Снова хмыкнул кабатчик:
— Да спаси меня Святая Семерка, да на кой бы мы тебя мыли? Раздался ты батюшка, сладко ел да крепко пил, спал в свое удовольствие. Вот тебя и понесло вширь.
Больно нам надо, тебя мыть, ты за это и не платил.
И тут на отца Иезекиля обрушились смазанные воспоминания о многочисленных дверях «Приюта», в которые он входил. Бааа! Да это ж не много дверей было, а одна, в которую входил он неоднократно, изо дня в день. Время-то подвело его, получалось, вот так. А казна-то давно проедена получается. Брякнулся снова на кочку сена монах, вздрогнул:
— А про какое такое предупреждение ты мне сказал?

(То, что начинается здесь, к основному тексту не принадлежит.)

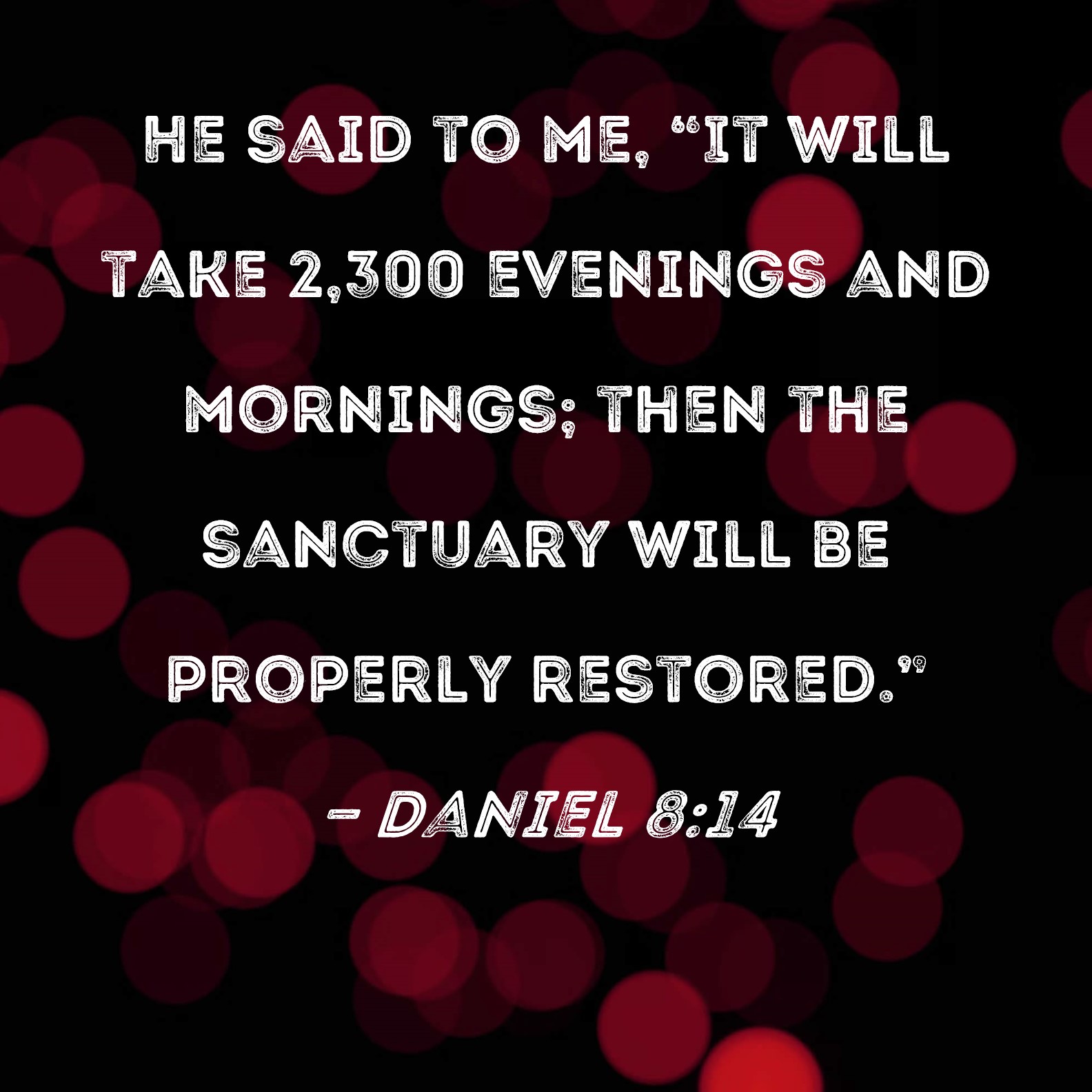 Daniel 8:14 He said to me, "It will take 2,300 evenings and mornings; then the sanctuary will be properly restored."

Передернуло снова монаха, вчерашний хмель выветрился. В животе вновь забурчало, хотелось справить нужду и пожрать. А в ответ — тишина, никто ничего не сказал. Покрутился монах по сараю — нет никого. Глаза выпучились, лоб взмок от непосильного умственного напряжения:
— Я сам с собой, что ли, разговаривал. Да нет же, был тут повар, я даже помню, как его зовут, ммм, — в нетерпении защелкал пальцами, пытаясь вспомнить имя повара, и чьим он был сыном.
«Тьфу, семь святых и Хрон безухий. Да и ладно, пойду и впрямь я, помолясь. Как пойду, куда пойду, если столько уже и времени прошло, и денег нет, идти-то куда?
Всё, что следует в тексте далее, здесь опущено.